Once the model is trained, you can test it with your own corpus using the word-index dictionary (imdb.dict.pkl.gz) provided as a part of this tutorial.

Model

LSTM

In a traditional recurrent neural network, during the gradient back-propagation phase, the gradient signal can end up being multiplied a large number of times (as many as the number of timesteps) by the weight matrix associated with the connections between the neurons of the recurrent hidden layer. This means that, the magnitude of weights in the transition matrix can have a strong impact on the learning process.

If the weights in this matrix are small (or, more formally, if the leading eigenvalue of the weight matrix is smaller than 1.0), it can lead to a situation calledvanishing gradients where the gradient signal gets so small that learning either becomes very slow or stops working altogether. It can also make more difficult the task of learning long-term dependencies in the data. Conversely, if the weights in this matrix are large (or, again, more formally, if the leading eigenvalue of the weight matrix is larger than 1.0), it can lead to a situation where the gradient signal is so large that it can cause learning to diverge. This is often referred to as exploding gradients.

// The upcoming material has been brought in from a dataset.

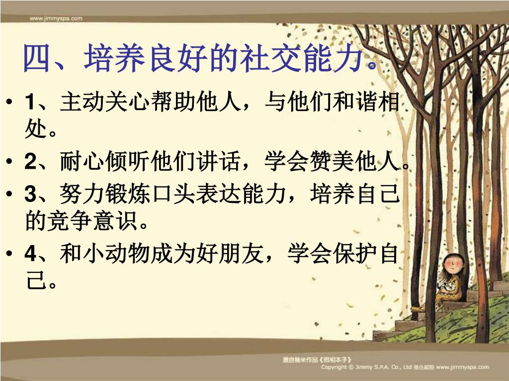 四、培养良好的社交能力。 • 1、主动关心帮助他人,与他们和谐相处。 • 2、耐心倾听他们讲话,学会赞美他人。 • 3、努力锻炼口头表达能力,培养自己的竞争意识。 • 4、和小动物成为好朋友,学会保护自己。

These issues are the main motivation behind the LSTM model which introduces a new structure called a memory cell (see Figure 1 below). A memory cell is composed of four main elements: an input gate, a neuron with a self-recurrent connection (a connection to itself), a forget gate and an output gate. The self-recurrent connection has a weight of 1.0 and ensures that, barring any outside interference, the state of a memory cell can remain constant from one timestep to another. The gates serve to modulate the interactions between the memory cell itself and its environment. The input gate can allow incoming signal to alter the state of the memory cell or block it. On the other hand, the output gate can allow the state of the memory cell to have an effect on other neurons or prevent it. Finally, the forget gate can modulate the memory cell’s self-recurrent connection, allowing the cell to remember or forget its previous state, as needed.

技术分享

Figure 1 : Illustration of an LSTM memory cell.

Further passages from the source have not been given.